WHAT IS EXPECTED =
Apart from the pictures, write out the records that follow exactly.

▽

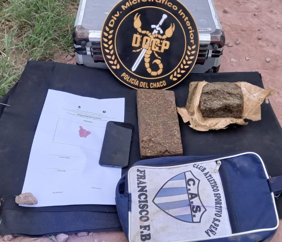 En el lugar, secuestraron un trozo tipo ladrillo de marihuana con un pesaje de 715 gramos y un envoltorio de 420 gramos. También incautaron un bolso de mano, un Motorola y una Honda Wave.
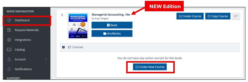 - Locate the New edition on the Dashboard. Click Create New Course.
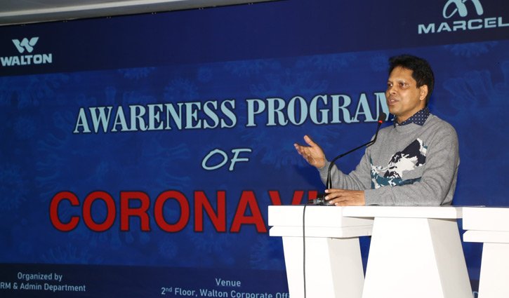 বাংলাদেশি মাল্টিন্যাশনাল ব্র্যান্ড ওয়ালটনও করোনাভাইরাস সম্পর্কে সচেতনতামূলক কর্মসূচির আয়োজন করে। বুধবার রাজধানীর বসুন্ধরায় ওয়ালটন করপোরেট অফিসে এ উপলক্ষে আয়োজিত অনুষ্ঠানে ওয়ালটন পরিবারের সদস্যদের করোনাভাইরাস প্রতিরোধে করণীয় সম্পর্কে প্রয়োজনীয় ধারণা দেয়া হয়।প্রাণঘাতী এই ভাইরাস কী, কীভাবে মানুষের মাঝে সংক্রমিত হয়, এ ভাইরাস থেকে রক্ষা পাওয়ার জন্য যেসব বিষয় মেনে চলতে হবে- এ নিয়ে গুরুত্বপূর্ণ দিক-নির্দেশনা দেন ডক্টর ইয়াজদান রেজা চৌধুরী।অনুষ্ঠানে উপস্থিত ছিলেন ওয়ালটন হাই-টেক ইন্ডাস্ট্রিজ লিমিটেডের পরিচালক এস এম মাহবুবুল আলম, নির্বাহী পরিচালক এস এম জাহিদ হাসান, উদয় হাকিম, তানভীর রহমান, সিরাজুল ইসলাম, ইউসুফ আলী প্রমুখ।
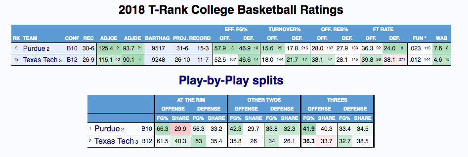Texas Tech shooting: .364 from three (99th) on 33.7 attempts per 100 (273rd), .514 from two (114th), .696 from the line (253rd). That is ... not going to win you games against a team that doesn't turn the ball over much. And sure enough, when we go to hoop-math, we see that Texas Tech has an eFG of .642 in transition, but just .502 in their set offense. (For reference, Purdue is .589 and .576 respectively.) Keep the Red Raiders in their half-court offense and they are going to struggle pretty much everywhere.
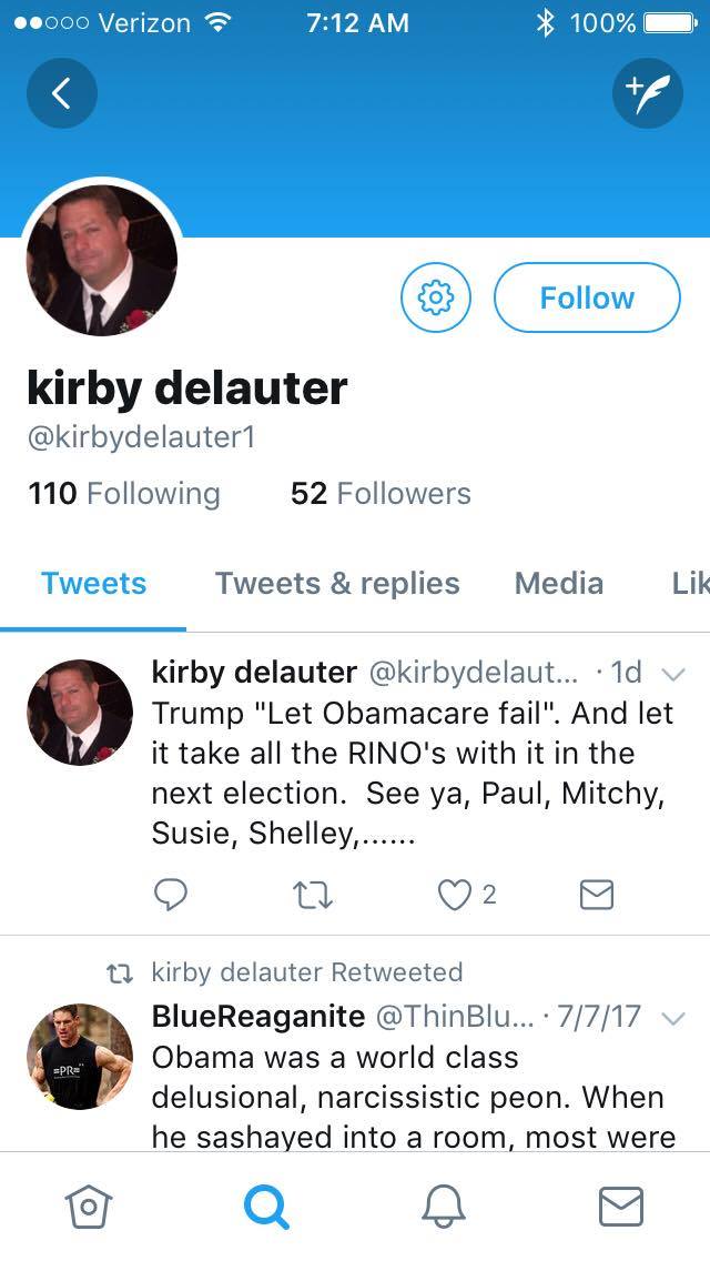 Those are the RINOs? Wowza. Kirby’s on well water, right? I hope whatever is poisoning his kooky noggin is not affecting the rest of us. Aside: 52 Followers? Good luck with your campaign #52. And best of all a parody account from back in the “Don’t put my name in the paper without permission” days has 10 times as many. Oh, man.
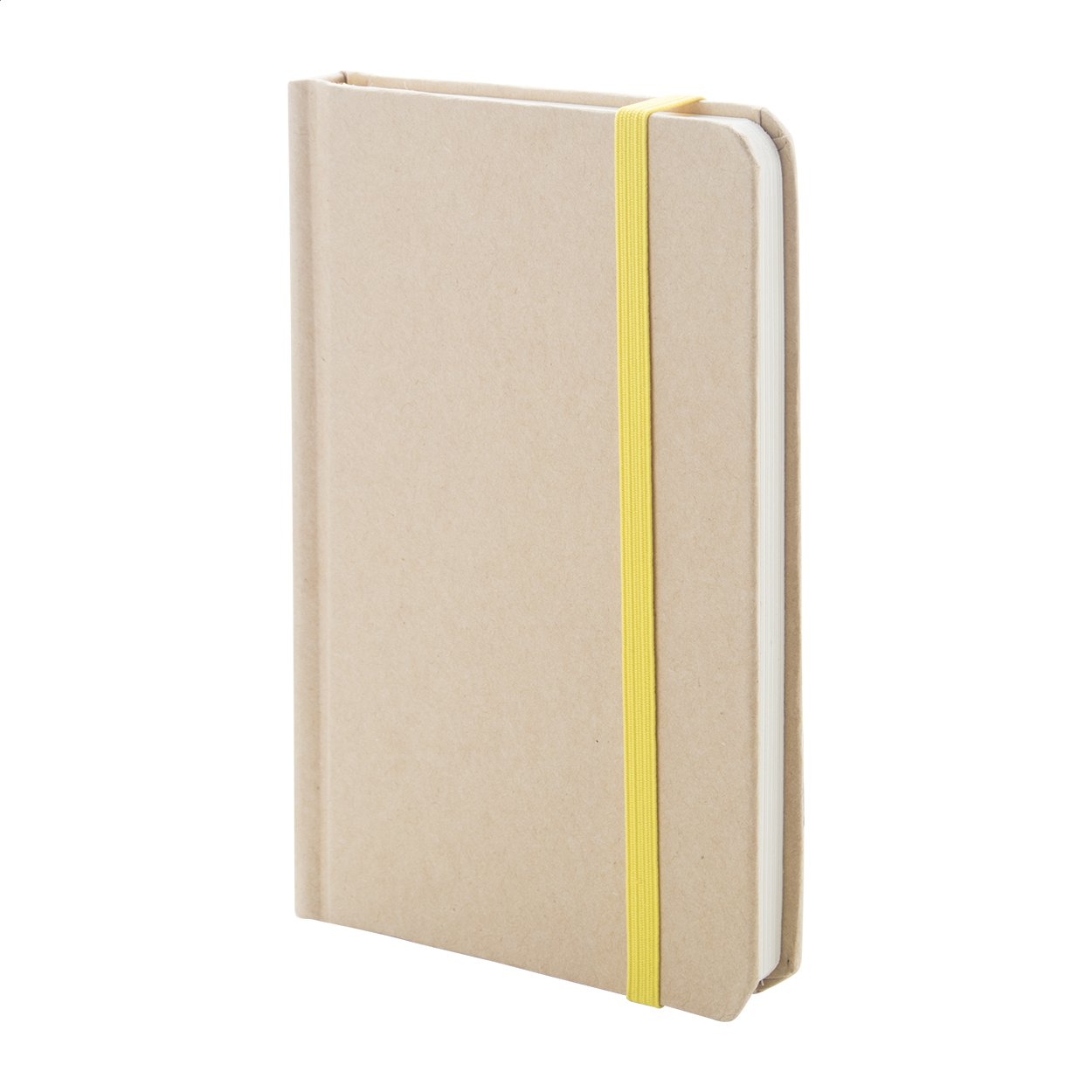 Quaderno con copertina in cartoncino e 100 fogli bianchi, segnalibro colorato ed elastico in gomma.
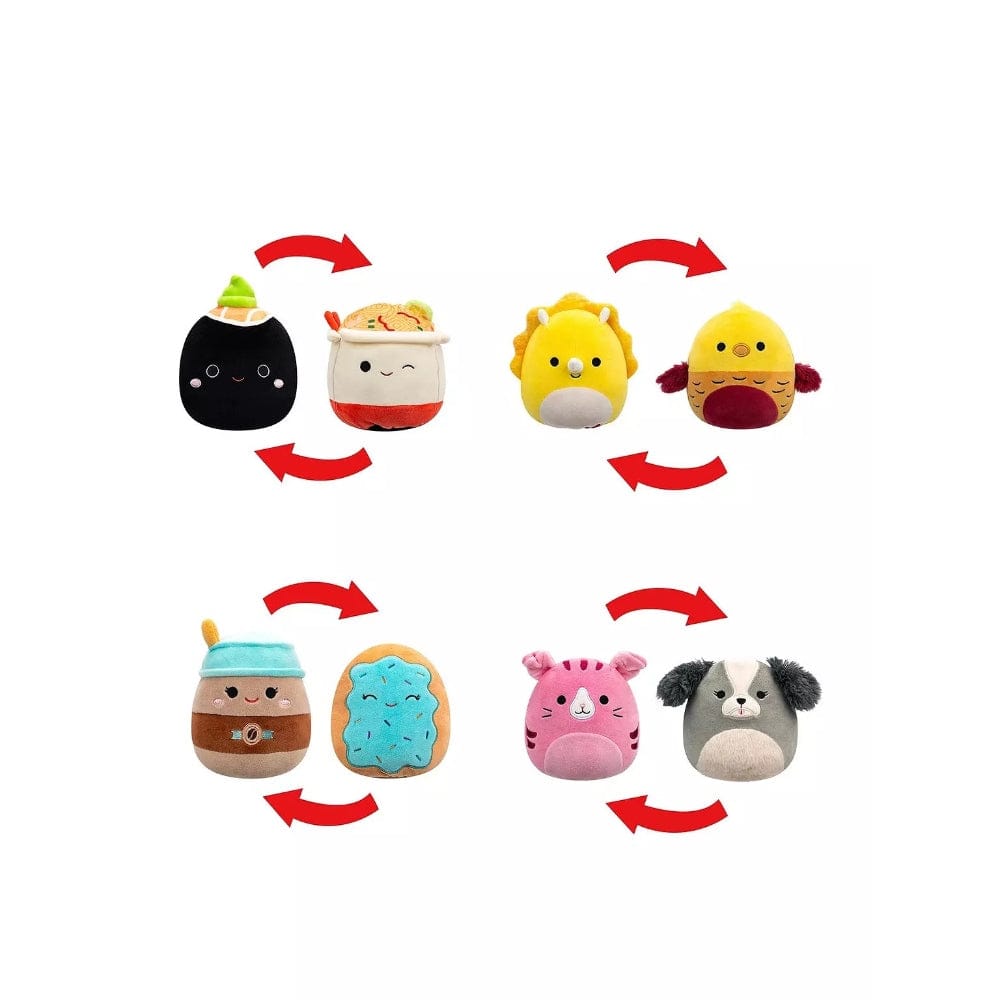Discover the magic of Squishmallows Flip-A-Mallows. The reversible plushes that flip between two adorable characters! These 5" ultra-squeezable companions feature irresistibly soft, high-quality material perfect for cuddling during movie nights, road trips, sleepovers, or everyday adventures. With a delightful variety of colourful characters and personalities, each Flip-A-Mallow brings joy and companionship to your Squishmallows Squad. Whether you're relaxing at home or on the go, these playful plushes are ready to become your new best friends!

△

SOLUTION =
 En el lugar, secuestraron un trozo tipo ladrillo de marihuana con un pesaje de 715 gramos y un envoltorio de 420 gramos. También incautaron un bolso de mano, un Motorola y una Honda Wave.
 - Locate the New edition on the Dashboard. Click Create New Course.
 বাংলাদেশি মাল্টিন্যাশনাল ব্র্যান্ড ওয়ালটনও করোনাভাইরাস সম্পর্কে সচেতনতামূলক কর্মসূচির আয়োজন করে। বুধবার রাজধানীর বসুন্ধরায় ওয়ালটন করপোরেট অফিসে এ উপলক্ষে আয়োজিত অনুষ্ঠানে ওয়ালটন পরিবারের সদস্যদের করোনাভাইরাস প্রতিরোধে করণীয় সম্পর্কে প্রয়োজনীয় ধারণা দেয়া হয়।প্রাণঘাতী এই ভাইরাস কী, কীভাবে মানুষের মাঝে সংক্রমিত হয়, এ ভাইরাস থেকে রক্ষা পাওয়ার জন্য যেসব বিষয় মেনে চলতে হবে- এ নিয়ে গুরুত্বপূর্ণ দিক-নির্দেশনা দেন ডক্টর ইয়াজদান রেজা চৌধুরী।অনুষ্ঠানে উপস্থিত ছিলেন ওয়ালটন হাই-টেক ইন্ডাস্ট্রিজ লিমিটেডের পরিচালক এস এম মাহবুবুল আলম, নির্বাহী পরিচালক এস এম জাহিদ হাসান, উদয় হাকিম, তানভীর রহমান, সিরাজুল ইসলাম, ইউসুফ আলী প্রমুখ।
Texas Tech shooting: .364 from three (99th) on 33.7 attempts per 100 (273rd), .514 from two (114th), .696 from the line (253rd). That is ... not going to win you games against a team that doesn't turn the ball over much. And sure enough, when we go to hoop-math, we see that Texas Tech has an eFG of .642 in transition, but just .502 in their set offense. (For reference, Purdue is .589 and .576 respectively.) Keep the Red Raiders in their half-court offense and they are going to struggle pretty much everywhere.
 Those are the RINOs? Wowza. Kirby’s on well water, right? I hope whatever is poisoning his kooky noggin is not affecting the rest of us. Aside: 52 Followers? Good luck with your campaign #52. And best of all a parody account from back in the “Don’t put my name in the paper without permission” days has 10 times as many. Oh, man.
 Quaderno con copertina in cartoncino e 100 fogli bianchi, segnalibro colorato ed elastico in gomma.
Discover the magic of Squishmallows Flip-A-Mallows. The reversible plushes that flip between two adorable characters! These 5" ultra-squeezable companions feature irresistibly soft, high-quality material perfect for cuddling during movie nights, road trips, sleepovers, or everyday adventures. With a delightful variety of colourful characters and personalities, each Flip-A-Mallow brings joy and companionship to your Squishmallows Squad. Whether you're relaxing at home or on the go, these playful plushes are ready to become your new best friends!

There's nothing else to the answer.